I currently have a 4GB disk with a single primary FAT32 partition that has Windows 98SE installed. The disk is almost full and I want to move the partition over to a larger 8GB disk.


Using dd, how can I successfully clone the original 4GB disk to a larger 8GB disk and the Windows OS still be bootable?


For the purposes of the wider audience, it should be irrelevant whether I am using CompactFlash cards as hard disks for the purpose of this test. I see no reason why it is not suitable to substitute my use of CompactFlash cards with traditional IDE/SATA hard disks for users who have a similar question.


Instead of standard IDE/SATA hard disks, I use Transcend CompactFlash (CF) cards with an IDE CF adapter as the primary hard disks in my old hardware systems to run MS-DOS or Windows 95/98SE. The test system uses a IDE to CF adapter that treats the CompactFlash card as a conventional local hard disk.
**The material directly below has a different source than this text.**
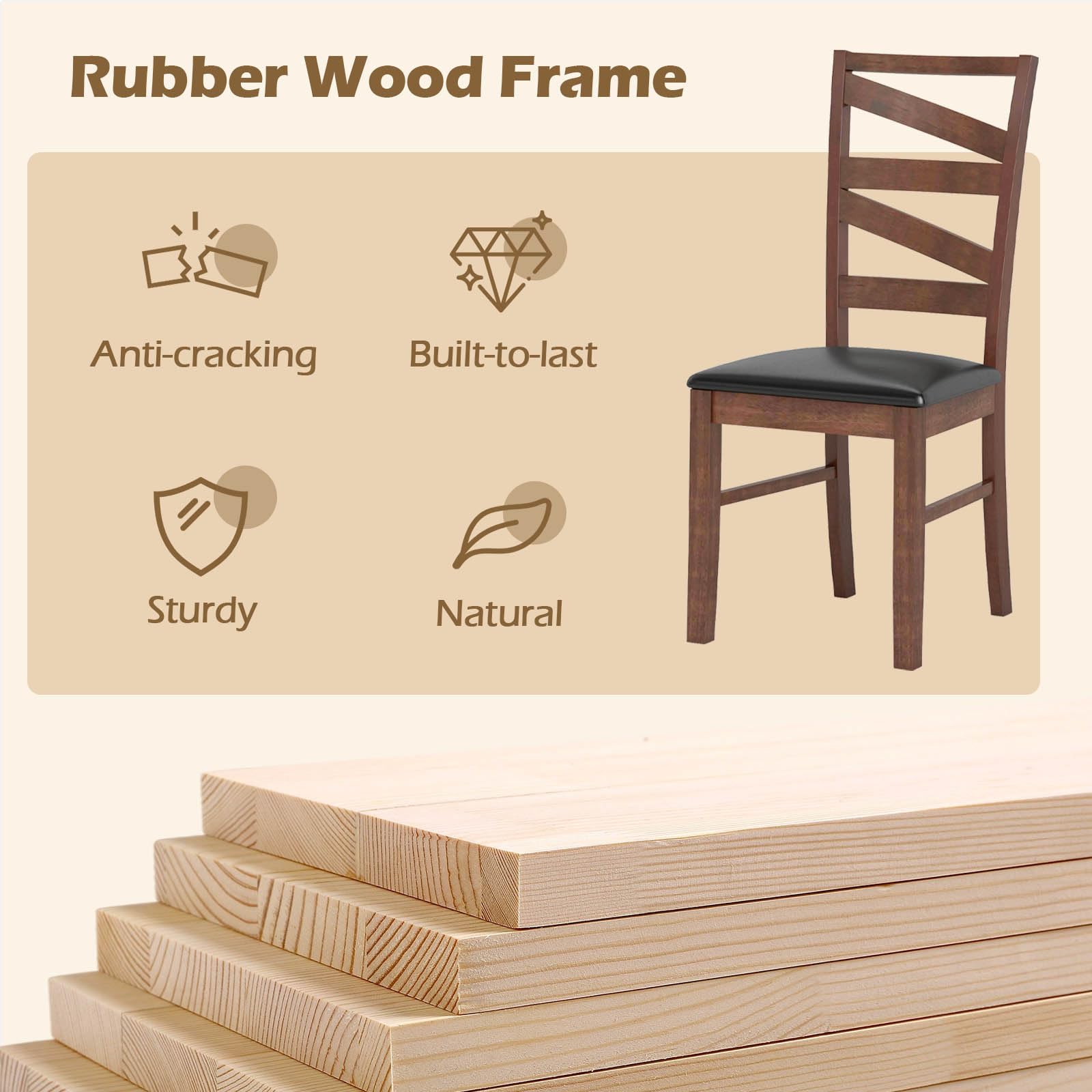 The dining chair features a PU leather upholstered seat cushion that not only exudes luxury but also withstands daily use. With soft sponge padding inside, it ensures ultimate comfort by reducing strain during long meals. Additionally, the contoured backrest complements the natural curve of your spine, offering cozy lumbar support. The W-shape open design not only enhances the chair's visual appeal but also enhances airflow for extra comfort. Supported by natural rubber wood legs and reinforced frame with crossbars, these wood kitchen chairs boast exceptional stability and durability. Hence, the set of 2/4 dinette chairs are ideal for various settings such as home dining rooms, cafes, or bistros.

I am using a Linux laptop with a USB CompactFlash reader to read/write the images from/to the CF.

For the purposes of my tests, the disks are identified in Linux as the following:

/dev/sda Transcend 4GB CompactFlash 133x

/dev/sdb Transcend 8GB CompactFlash 133x

In order to save reading time for those who do not wish to see what I have attempted, and know the perfect answer, please ignore the remaining text. For those who wish to see what I have attempted so far, please read further:


  1. dd 4GB disk to 8GB disk
  2. dd 4GB partition to 4G partition on 8GB disk
  3. clonezilla 4GB -> img -> 8GB
  4. Installing Windows to the 8GB disk

    4a. Restoring the 4GB partition to the 8GB disk

    4b. Restoring the 4GB partition to the 8GB disk then the 8GB MBR

NOTE: After each unsuccessful attempt (except 4a), to wipe the target disk clean, I deleted the partition(s) using GParted and created a new partition table to wipe the existing: Device -> Create Partition Table -> msdos -> Apply

1. dd 4GB disk to 8GB disk

My first attempt was to clone the whole disk using dd:

sudo dd if=/dev/sda of=win98se.img bs=4M; sync

then restore the disk image to the 8GB disk:

sudo dd if=win98se.img of=/dev/sdb bs=4M; sync

This didn't work. When starting the system, I see the error: "Invalid system disk. Replace the disk, and then press any key".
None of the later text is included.